[About this exercise]
Restate all of the entries exactly, dropping any pictures they hold.

[Data to examine]

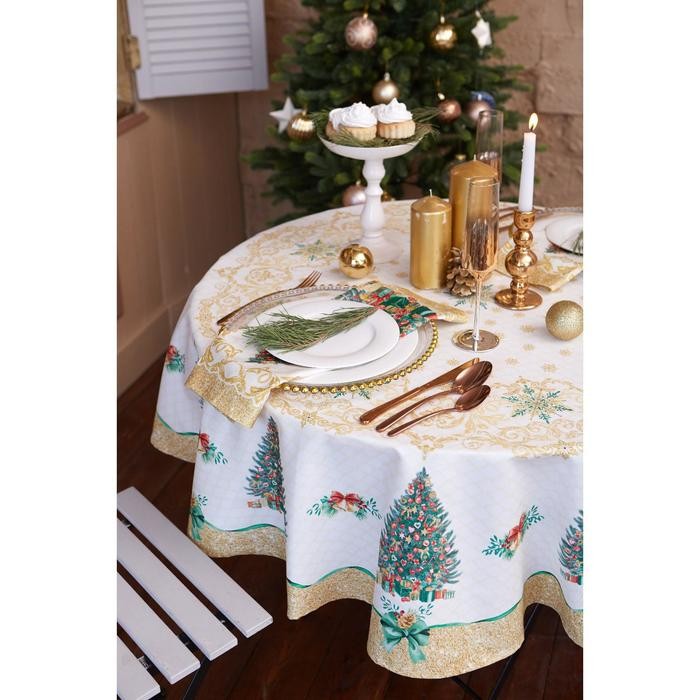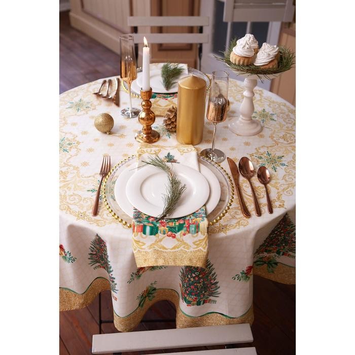 Скатерть «Этель» Golden Christmas d=150 +/- 3см с ГМВО, 100%хл, саржа 190 гр/м2
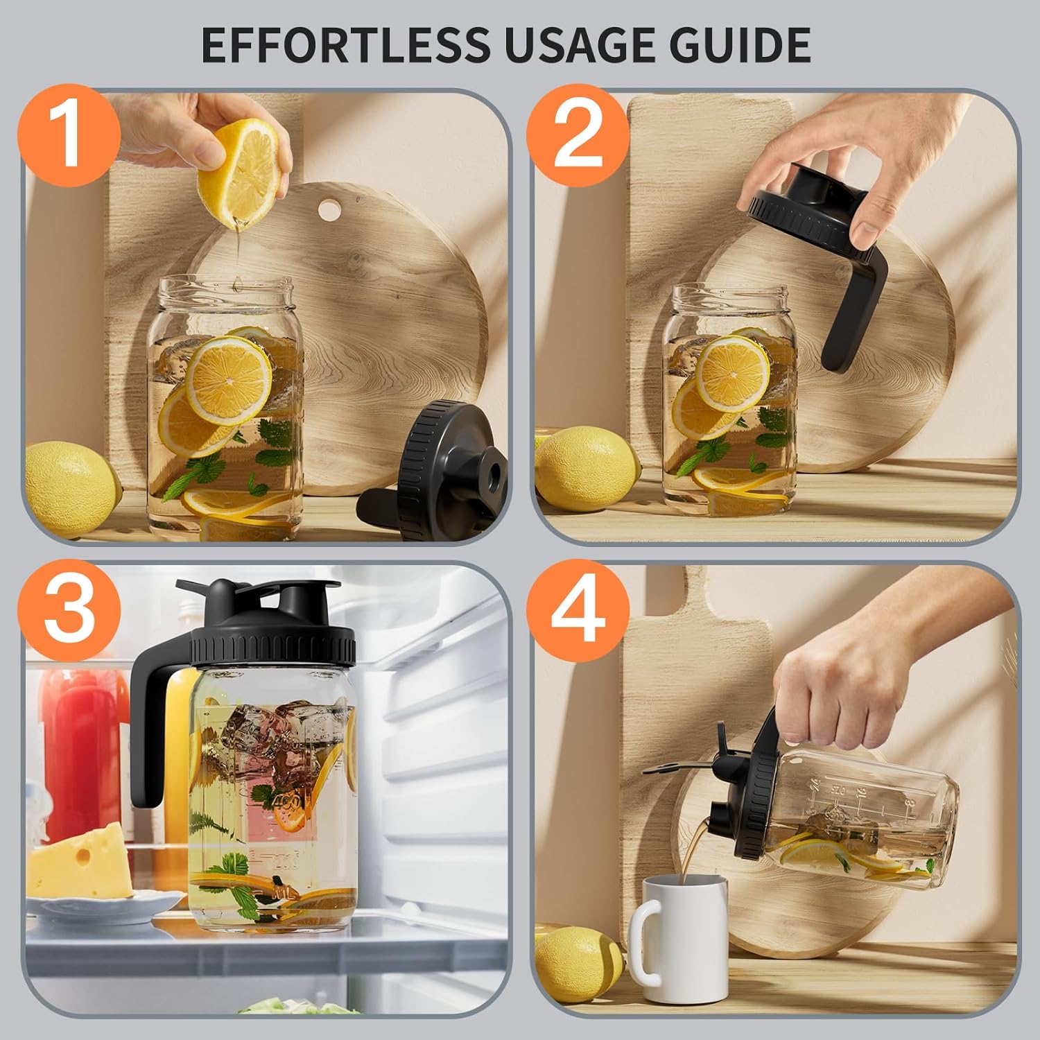 - 【Leak-Proof Freshness】 Our 32oz jug boasts a silicone-sealed pour spout lid, preserving your beverages' freshness and flavor while preventing unwanted odor mingling in the fridge. The secure flip-top lid makes pouring easy, offering a leak-proof solution.
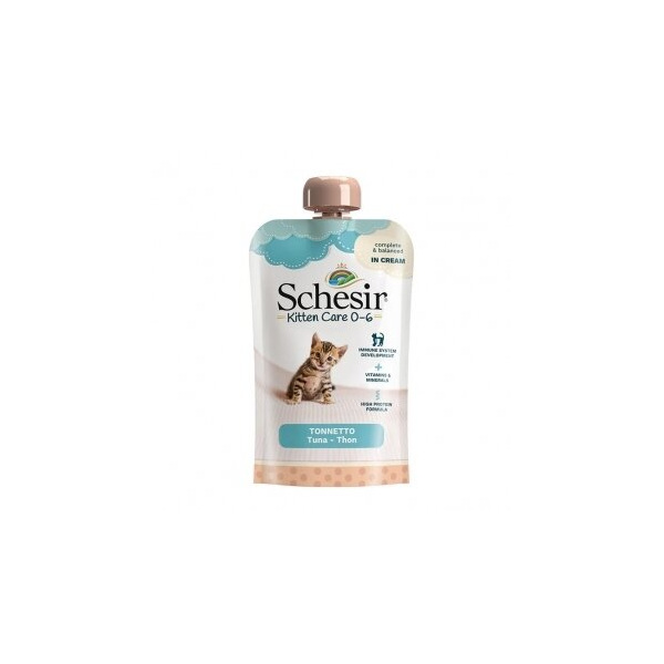 Рецепта, базирана на истински филета от риба тон в гладък крем, идеален за отбиване.Тази високопротеинова храна с витамини и минерали е идеална за развитие на имунната система на котенца от 0 до 6 месеца.Удобната опаковка от 150 g с капачка се грижи за чести малки хранения през целия ден.
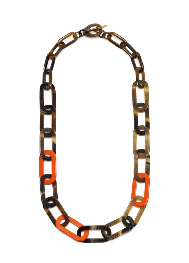 Long Link Horn Necklace - Orange & Brown
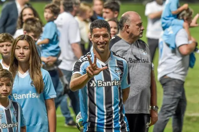 乌拉圭足球运动员苏亚雷斯4日参加了加盟巴西格雷米奥俱乐部后的首次新闻发布会,他认为加盟格雷米奥是其职业生涯最大的挑战之一。 苏亚
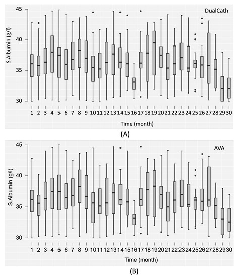 (A) The serum albumin (s.albumin) values in grams per liter (g/L) over the 30-month follow-up period using DualCath (abbreviated as DCath). (B) The serum albumin (s.albumin) values in grams per liter (g/L) over the same 30-month follow-up period using arteriovenous access (abbreviated as AVA).
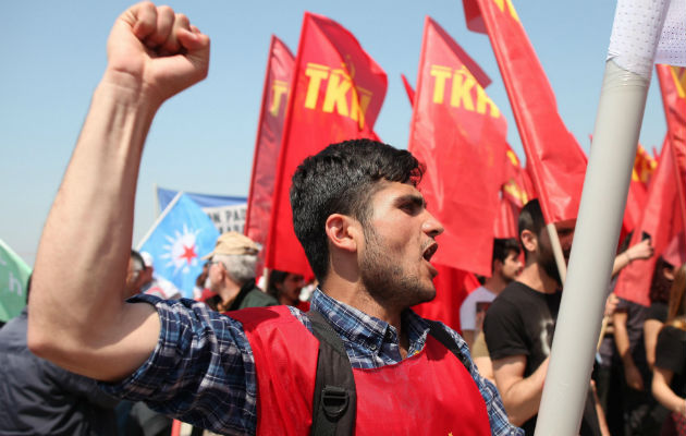 Trabajadores turcos gritan consignas durante una marcha hacia la plaza de Taksim, por el Día del Trabajador. FOTO/EFE
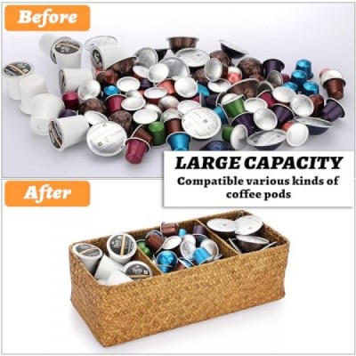 ELLDOO 짠 씨그래스 고리버들 등나무 보관 바구니, K 컵 네스프레소 포드용 대용량 커피 포드 홀더 정리함, 커피 바 선반용 3섹션 씨그래스 보관 상자 주방 캐비닛, 브라
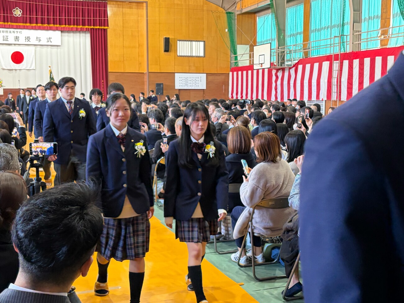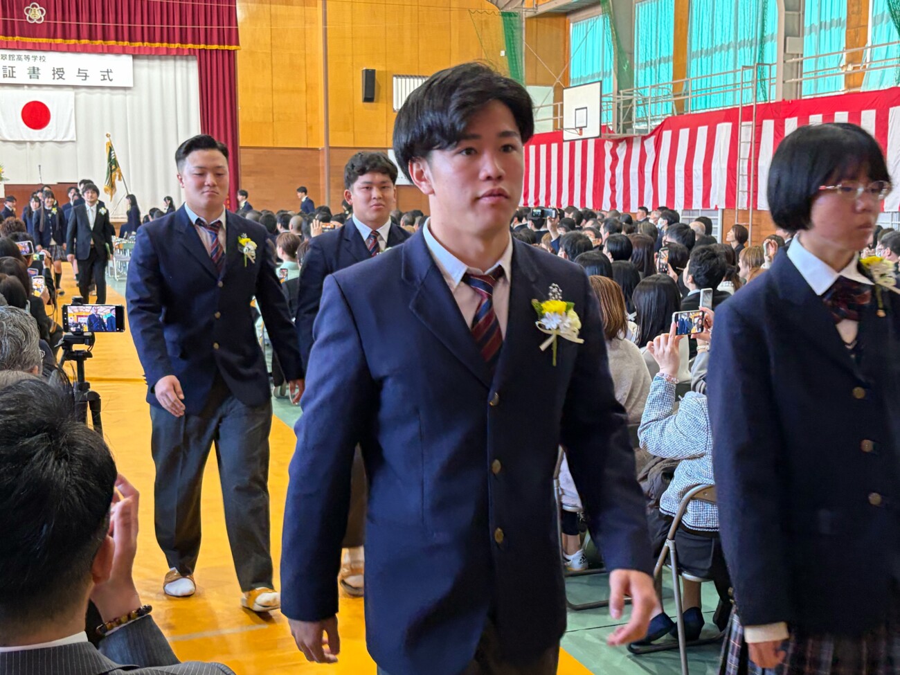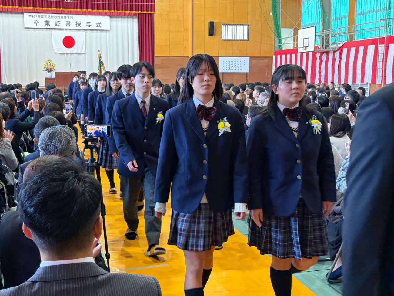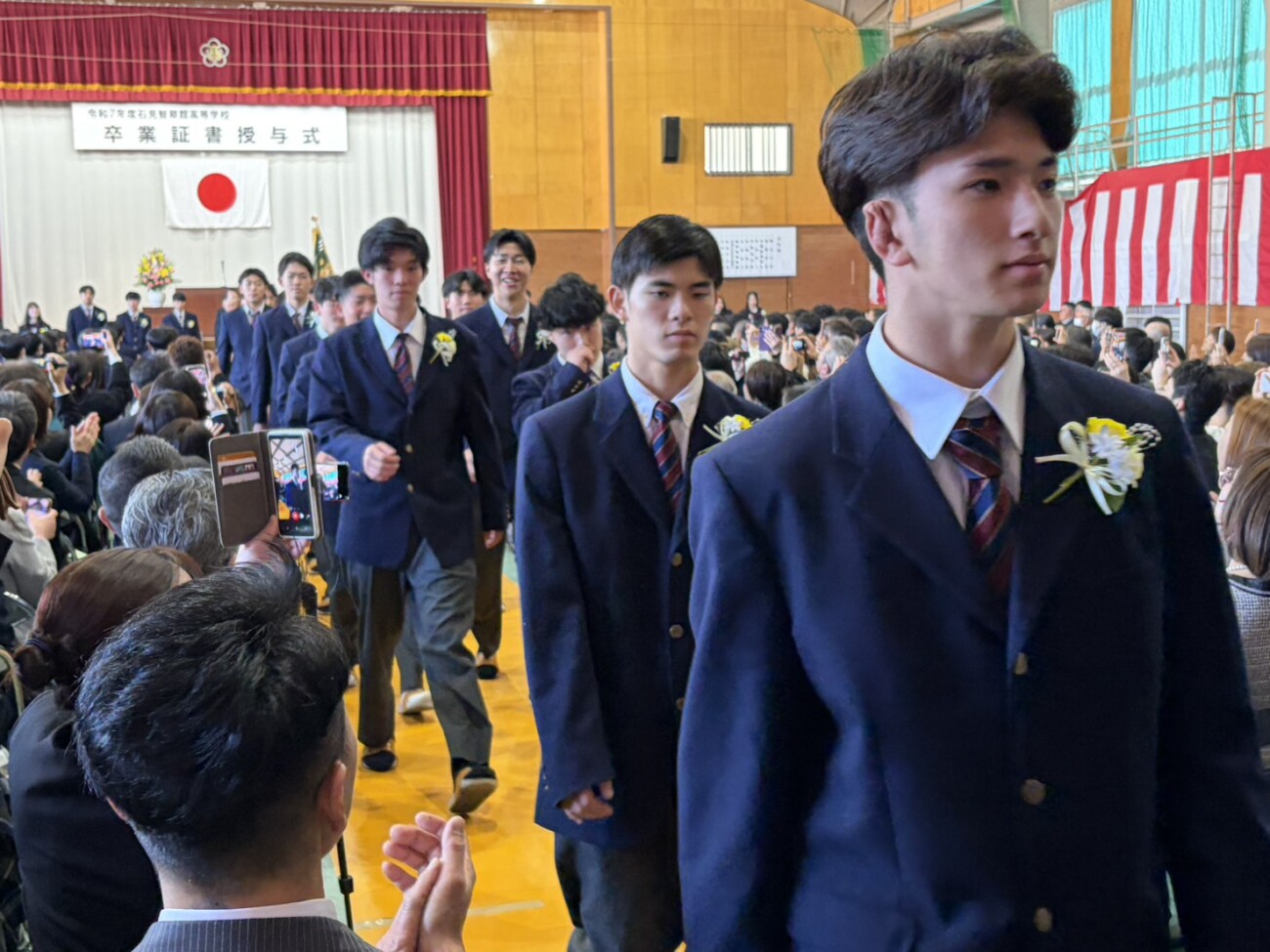 岡﨑校長は式辞において「皆さんがこれまで経験してきた喜びや成功、そして悔しさや失敗。そのすべてが、皆さんを強くし、優しくし、成長させてきました。これから先、困難に出会うことがあっても、どうか思い出してください。その出来事にも必ず意味があり、未来の自分へとつながっているということを。

[/Data to examine]

[Exercise output]
 Скатерть «Этель» Golden Christmas d=150 +/- 3см с ГМВО, 100%хл, саржа 190 гр/м2
 - 【Leak-Proof Freshness】 Our 32oz jug boasts a silicone-sealed pour spout lid, preserving your beverages' freshness and flavor while preventing unwanted odor mingling in the fridge. The secure flip-top lid makes pouring easy, offering a leak-proof solution.
 Рецепта, базирана на истински филета от риба тон в гладък крем, идеален за отбиване.Тази високопротеинова храна с витамини и минерали е идеална за развитие на имунната система на котенца от 0 до 6 месеца.Удобната опаковка от 150 g с капачка се грижи за чести малки хранения през целия ден.
 Long Link Horn Necklace - Orange & Brown
 乌拉圭足球运动员苏亚雷斯4日参加了加盟巴西格雷米奥俱乐部后的首次新闻发布会,他认为加盟格雷米奥是其职业生涯最大的挑战之一。 苏亚
 (A) The serum albumin (s.albumin) values in grams per liter (g/L) over the 30-month follow-up period using DualCath (abbreviated as DCath). (B) The serum albumin (s.albumin) values in grams per liter (g/L) over the same 30-month follow-up period using arteriovenous access (abbreviated as AVA).
 Trabajadores turcos gritan consignas durante una marcha hacia la plaza de Taksim, por el Día del Trabajador. FOTO/EFE
 ELLDOO 짠 씨그래스 고리버들 등나무 보관 바구니, K 컵 네스프레소 포드용 대용량 커피 포드 홀더 정리함, 커피 바 선반용 3섹션 씨그래스 보관 상자 주방 캐비닛, 브라
 岡﨑校長は式辞において「皆さんがこれまで経験してきた喜びや成功、そして悔しさや失敗。そのすべてが、皆さんを強くし、優しくし、成長させてきました。これから先、困難に出会うことがあっても、どうか思い出してください。その出来事にも必ず意味があり、未来の自分へとつながっているということを。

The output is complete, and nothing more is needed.